_Assignment_
Copy out exactly, from the entries that follow, the line holding "在家装建材中,大理石材料算是", the line holding "KPU Tomohon Mengikuti", and all lines between them, but no pictures.

_Stored data_
-------

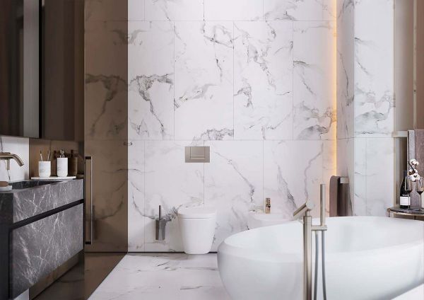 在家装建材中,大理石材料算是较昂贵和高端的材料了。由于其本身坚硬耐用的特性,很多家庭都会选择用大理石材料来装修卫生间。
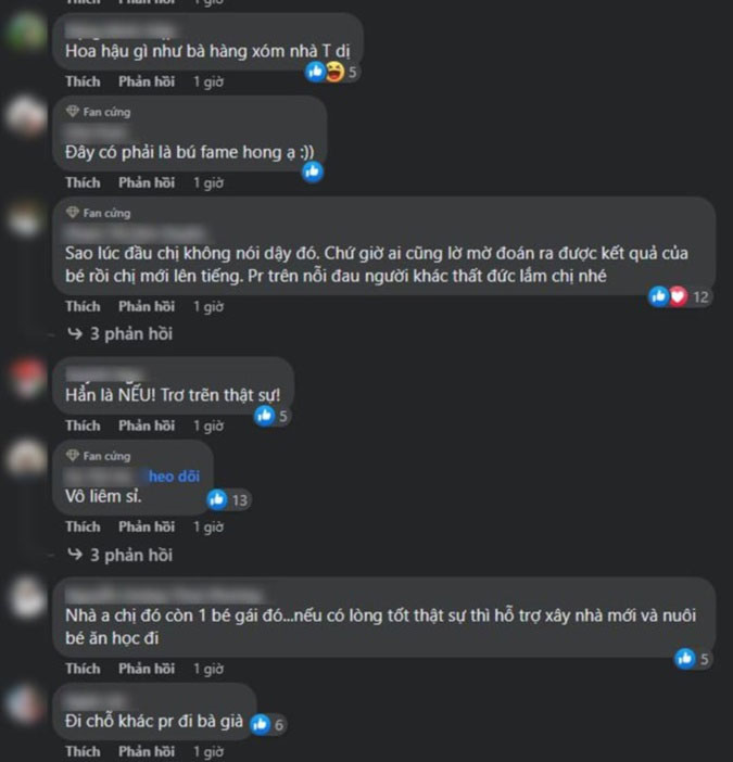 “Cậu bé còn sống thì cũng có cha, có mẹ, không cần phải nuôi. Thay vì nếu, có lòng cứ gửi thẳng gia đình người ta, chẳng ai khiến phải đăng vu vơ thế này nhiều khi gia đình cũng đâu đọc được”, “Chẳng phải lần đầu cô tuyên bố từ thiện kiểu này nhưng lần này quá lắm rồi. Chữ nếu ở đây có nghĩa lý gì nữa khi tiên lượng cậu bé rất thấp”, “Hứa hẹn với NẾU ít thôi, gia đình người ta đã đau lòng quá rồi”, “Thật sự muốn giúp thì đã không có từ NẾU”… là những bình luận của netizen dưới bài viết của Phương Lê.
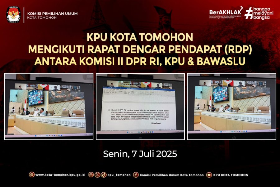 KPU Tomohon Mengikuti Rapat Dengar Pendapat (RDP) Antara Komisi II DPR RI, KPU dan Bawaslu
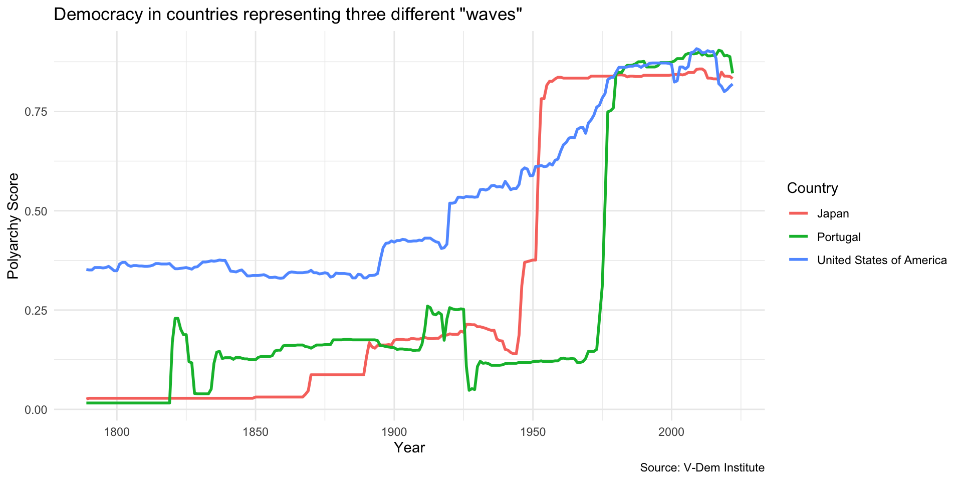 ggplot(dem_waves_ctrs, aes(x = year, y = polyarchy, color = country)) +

-------

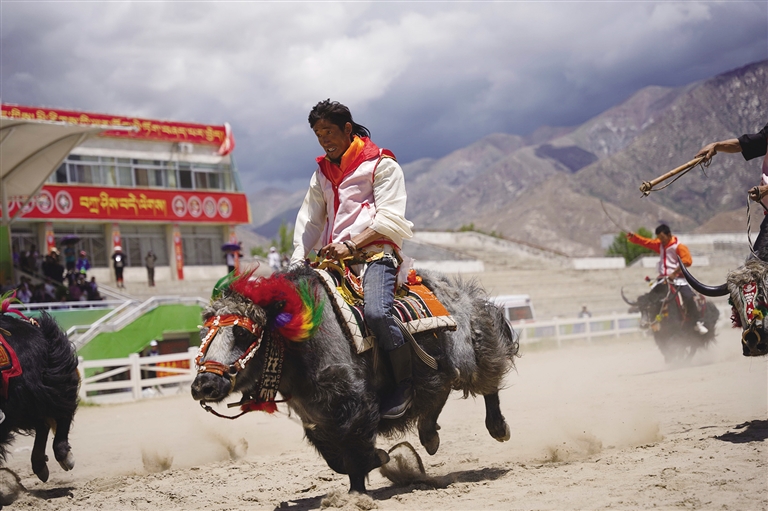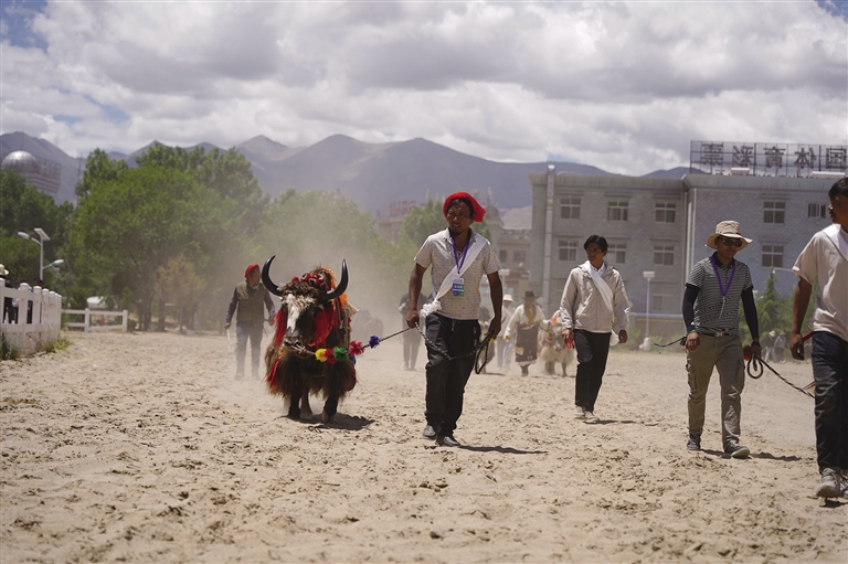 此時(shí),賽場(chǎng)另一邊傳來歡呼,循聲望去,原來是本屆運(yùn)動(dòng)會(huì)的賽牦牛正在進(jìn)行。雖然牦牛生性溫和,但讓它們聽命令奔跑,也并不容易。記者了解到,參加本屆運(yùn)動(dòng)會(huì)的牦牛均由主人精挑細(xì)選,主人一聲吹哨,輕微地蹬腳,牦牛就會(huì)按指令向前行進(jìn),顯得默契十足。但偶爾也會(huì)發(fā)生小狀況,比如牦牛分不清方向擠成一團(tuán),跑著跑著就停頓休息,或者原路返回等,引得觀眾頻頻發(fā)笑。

-------

_Task result_
 在家装建材中,大理石材料算是较昂贵和高端的材料了。由于其本身坚硬耐用的特性,很多家庭都会选择用大理石材料来装修卫生间。
 “Cậu bé còn sống thì cũng có cha, có mẹ, không cần phải nuôi. Thay vì nếu, có lòng cứ gửi thẳng gia đình người ta, chẳng ai khiến phải đăng vu vơ thế này nhiều khi gia đình cũng đâu đọc được”, “Chẳng phải lần đầu cô tuyên bố từ thiện kiểu này nhưng lần này quá lắm rồi. Chữ nếu ở đây có nghĩa lý gì nữa khi tiên lượng cậu bé rất thấp”, “Hứa hẹn với NẾU ít thôi, gia đình người ta đã đau lòng quá rồi”, “Thật sự muốn giúp thì đã không có từ NẾU”… là những bình luận của netizen dưới bài viết của Phương Lê.
 KPU Tomohon Mengikuti Rapat Dengar Pendapat (RDP) Antara Komisi II DPR RI, KPU dan Bawaslu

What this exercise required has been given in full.